Accounts Payable Turnover

A ratio measuring how quickly a company pays its suppliers.

Definition

Accounts payable turnover measures how many times a company pays off its average accounts payable balance during a period. It's calculated as: Total Purchases (or COGS) ÷ Average Accounts Payable. A higher ratio means faster payment to suppliers; lower means the company takes longer to pay.

This ratio indicates how a company manages cash and supplier relationships. Very high turnover might mean missing early payment discounts or lacking credit terms. Very low turnover could strain supplier relationships or indicate cash flow problems.

Why It Matters

AP turnover helps evaluate cash management strategy and supplier relationships. Paying too quickly might waste cash that could be used elsewhere; paying too slowly risks damaging supplier relationships or missing out on trade credit availability.

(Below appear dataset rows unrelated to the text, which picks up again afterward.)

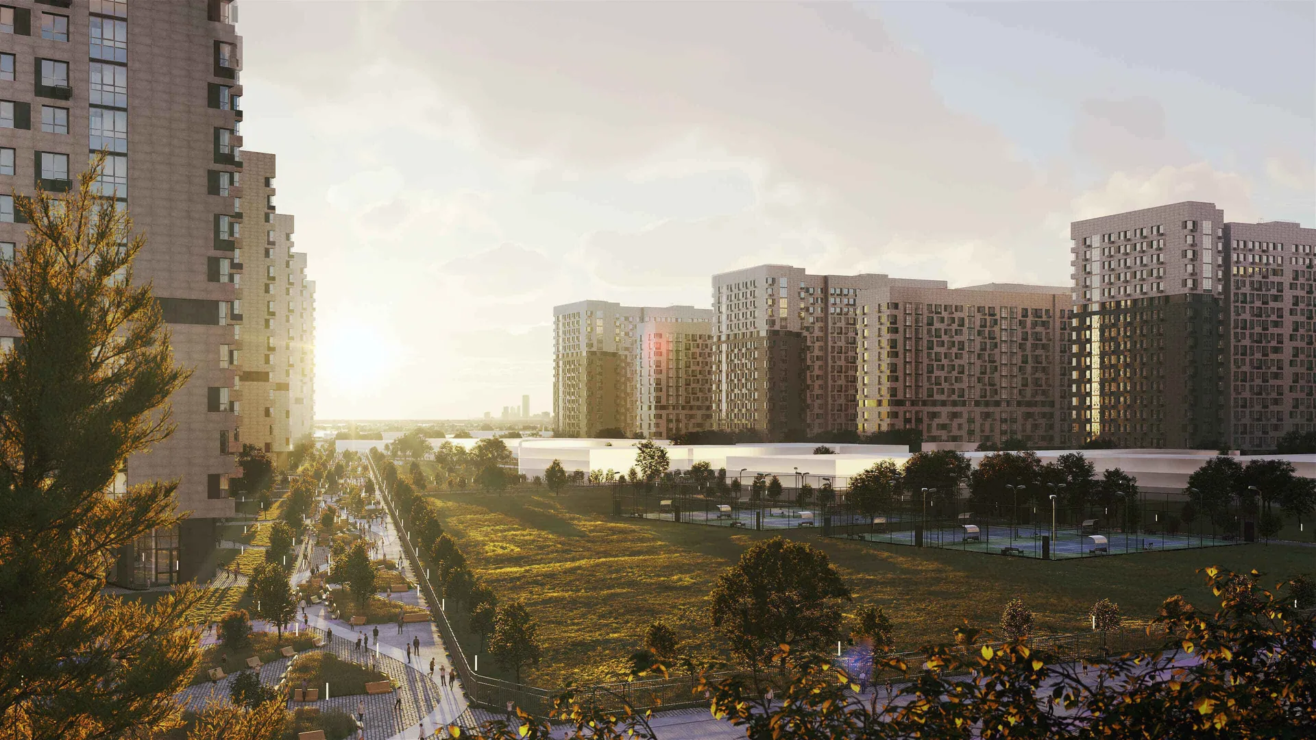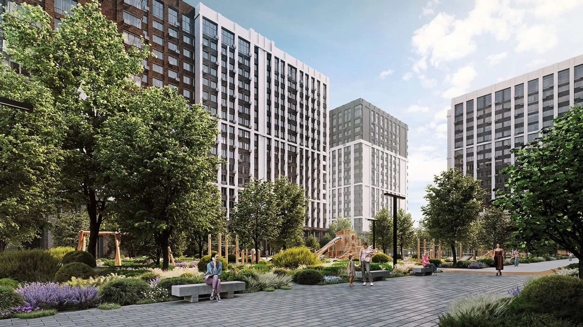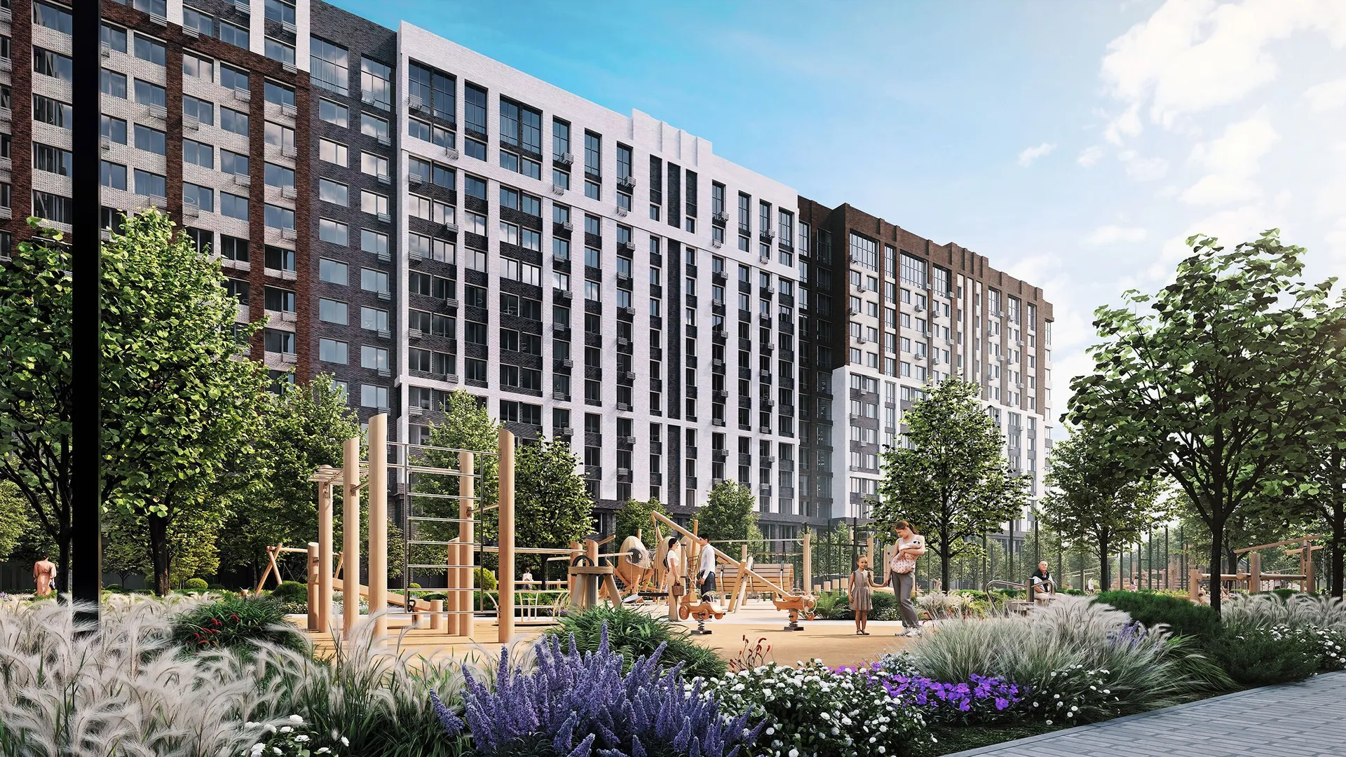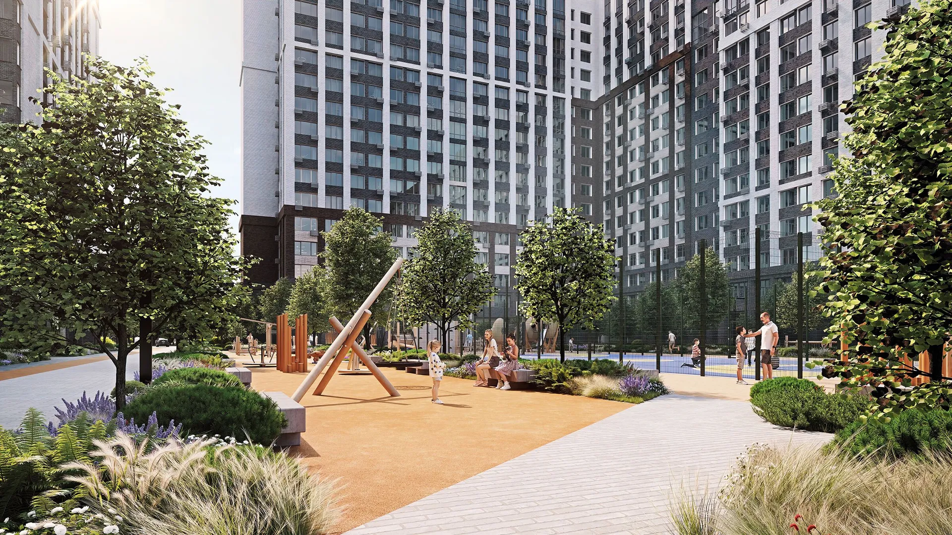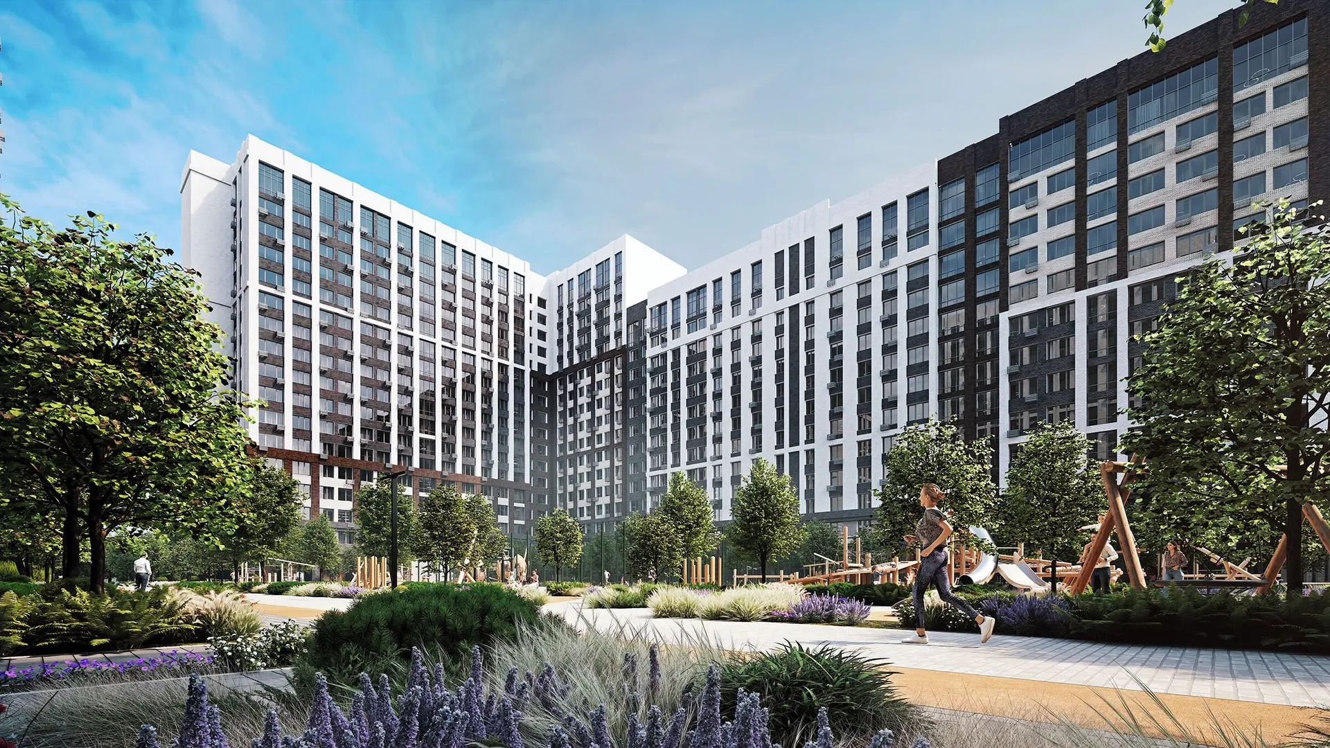 Территория комплекса будет благоустроена: запланированы ландшафтный парк с озеленённым пешеходным бульваром и велодорожками, детские и спортивные площадки (воркаут, йога, игровые поля), места для отдыха с садовыми качелями и беседками, а также отдельная лужайка для выгула собак. Дворы будут закрытыми, без проезда автомобилей.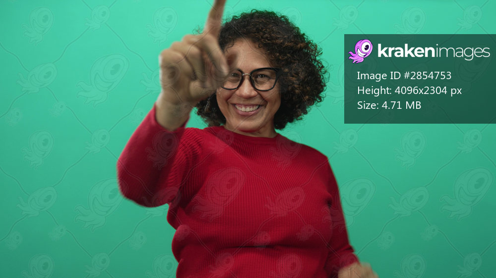 Woman wearing glasses and red sweater pointing finger and flashing victory sign in green studio; joy.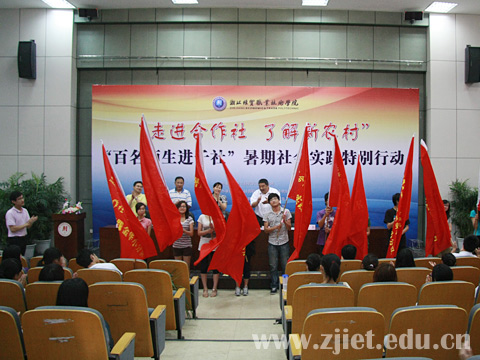 6月28日下午,学院在图书馆报告厅举行“走进合作社、了解新农村”百名师生进千社的2010年暑期社会实践特别行动出征仪式。院长李曙明、院长助理蒋丽君,相关职能处室领导,各实践分队指导老师和队员共200余人出席了启动仪式。仪式由招生就业处处长张瑶祥主持。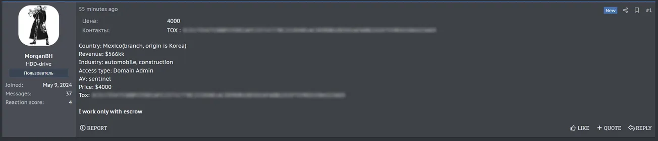 A Threat Actor is Allegedly Selling Access to an Unknown Organization in Mexico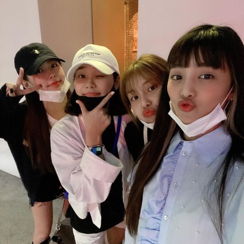 AOA 유나혜정이랑 미연민니야! 민니랑 혜정은 퀸덤 보컬무대할때 쌓은 친목이고 미연유나는 퀸덤때 미연이가 계속 말걸어서 친해졌대! (처음에 사실 민니빼고 구분못했다...ㅎㅎ)
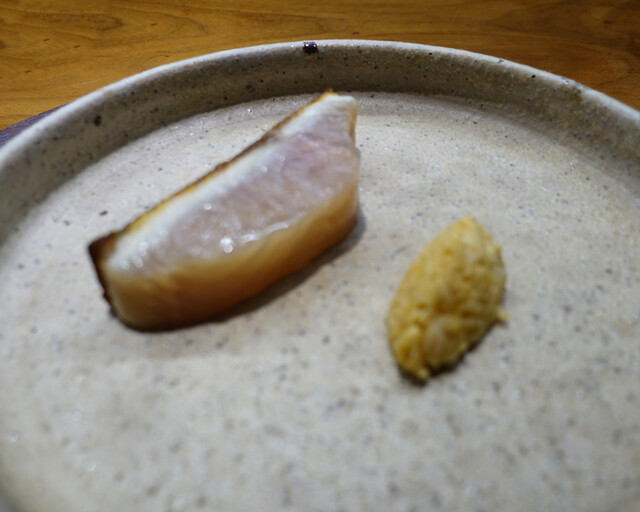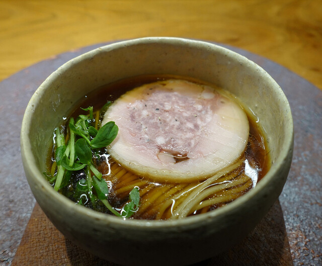 コース最後で供されるジビエ・ラーメン。魚醤は聞いたことがありますが、"肉醤"は初耳です。ストレート細麺の醤油系で供されるのですが、口の中が醤油ラーメンになり、私はかなり違和感を覚えました。ジビエの醤を味わってほしい店主の想いは分かりますが、言われなければ、ジビエをまったく感じられないパンチを欠いたラーメンでした。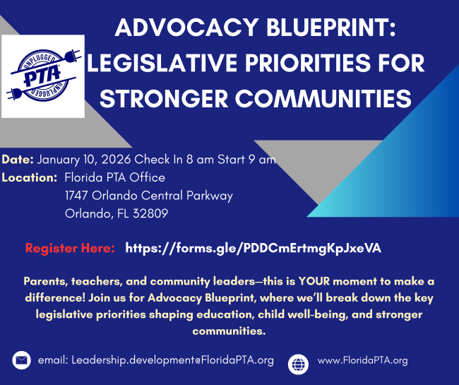 Florida PTA Family, I hope you had a joyful holiday season and a wonderful start to the New Year. As we step into 2026, I want to thank each of you for your continued dedication to children, families, and school communities across Florida. Your commitment and advocacy are what make our work possible.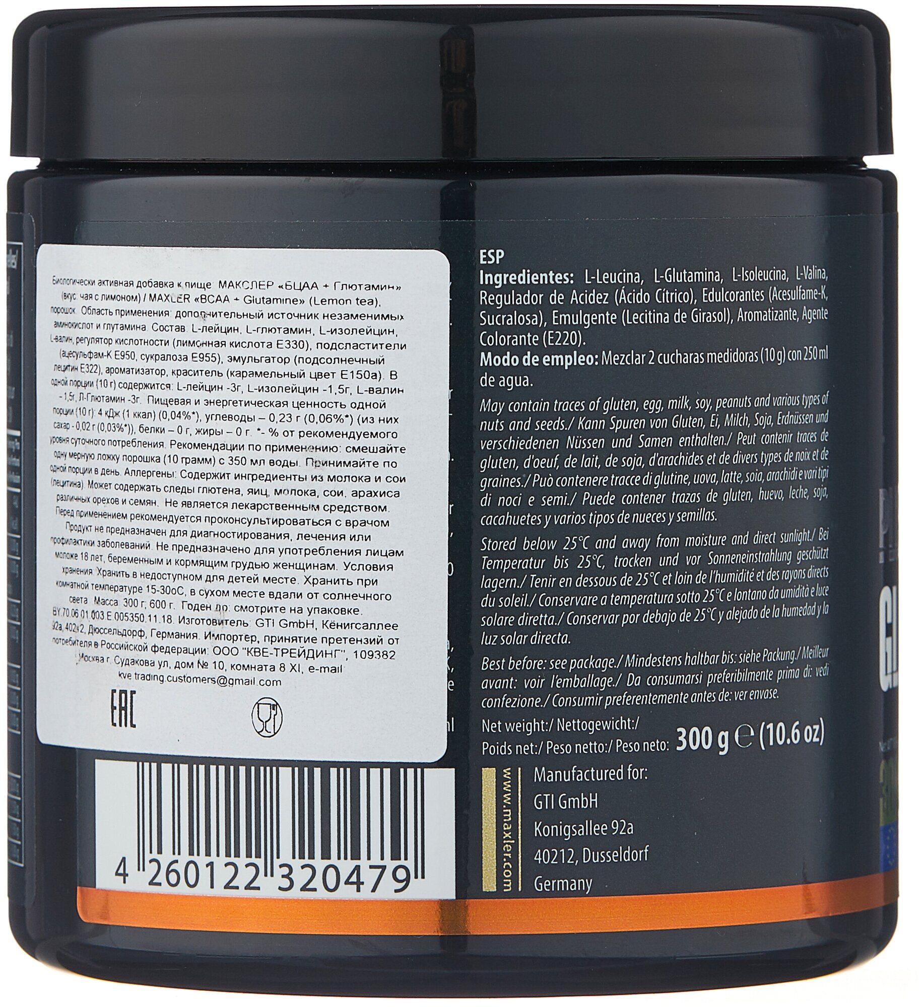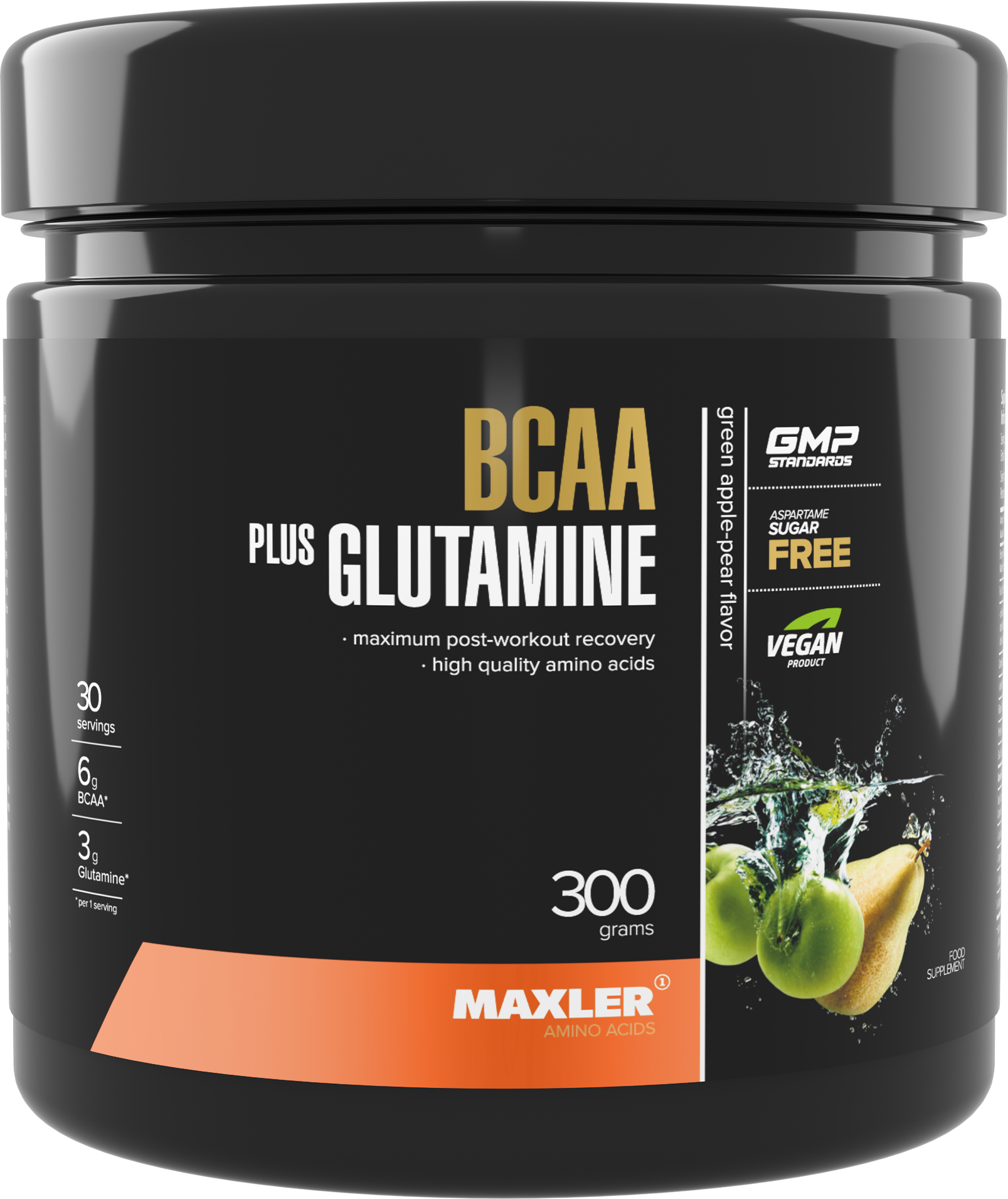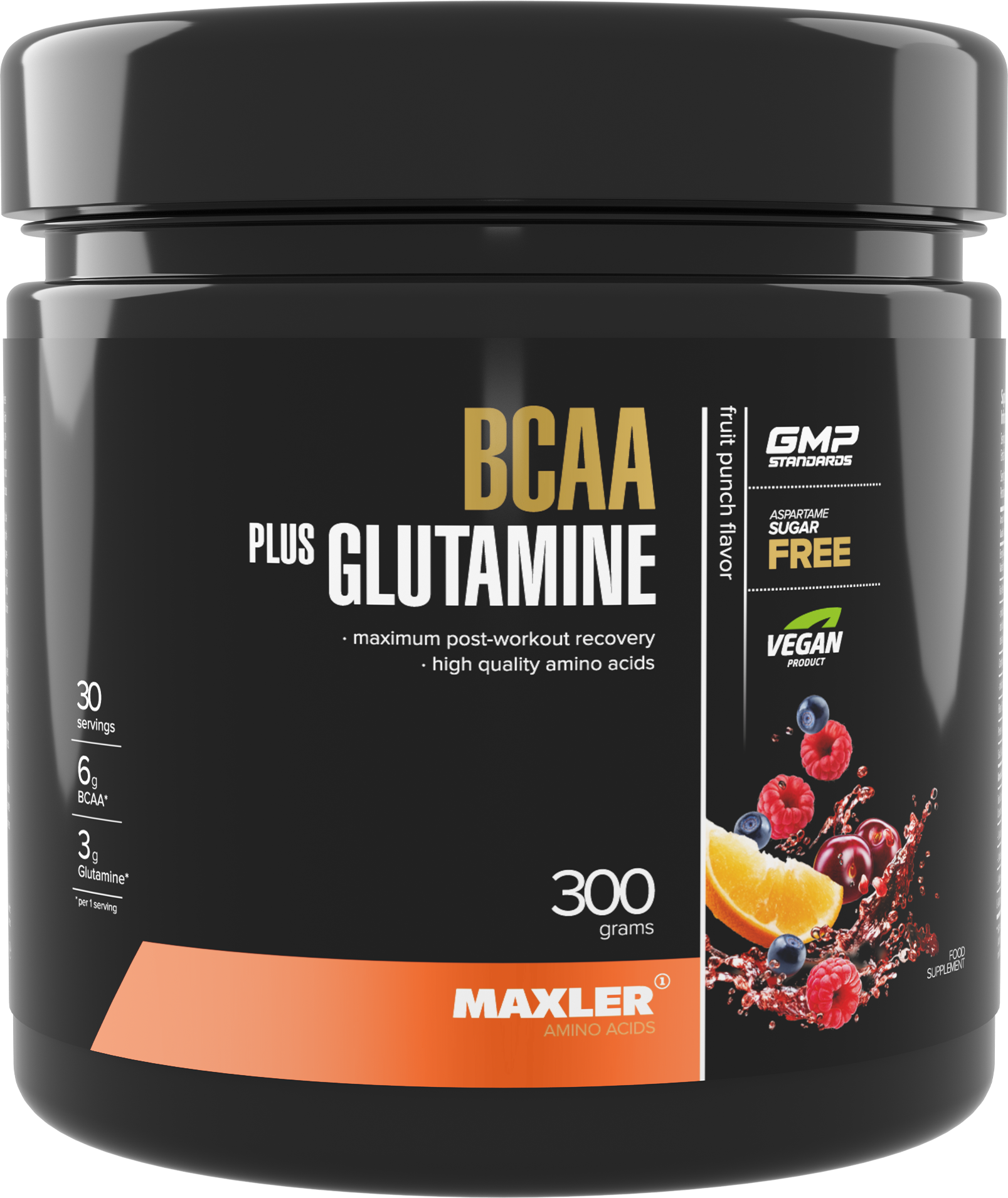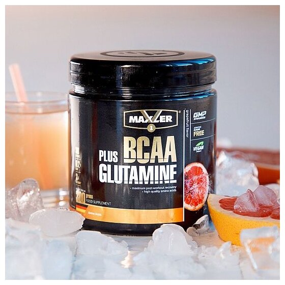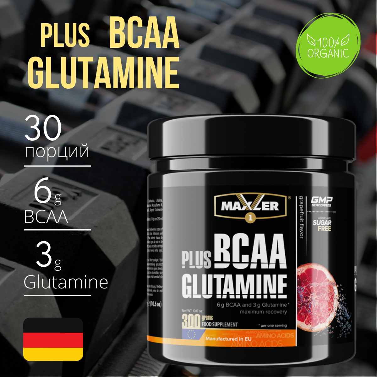 Amino acids Maxler BCAA + Glutamine, powder 300g Grapefruit | BCAA and L-Glutamine | Sports nutrition for weight loss and weight gain | For skin and hair

Comparing your AP turnover to your AR turnover is revealing. If you collect receivables slower than you pay payables, you're essentially financing your customers—which strains cash flow.

Examples

  • 1

    A company has $1M in annual purchases and average AP of $100K. AP turnover is 10x, meaning they pay suppliers about every 36 days.

  • 2

    A business with strong cash position speeds up payments to take 2% early payment discounts, increasing their AP turnover ratio.

  • 3

    Comparing ratios: a company collects receivables in 45 days (AR turnover ~8x) but pays suppliers in 30 days (AP turnover 12x), creating a cash gap.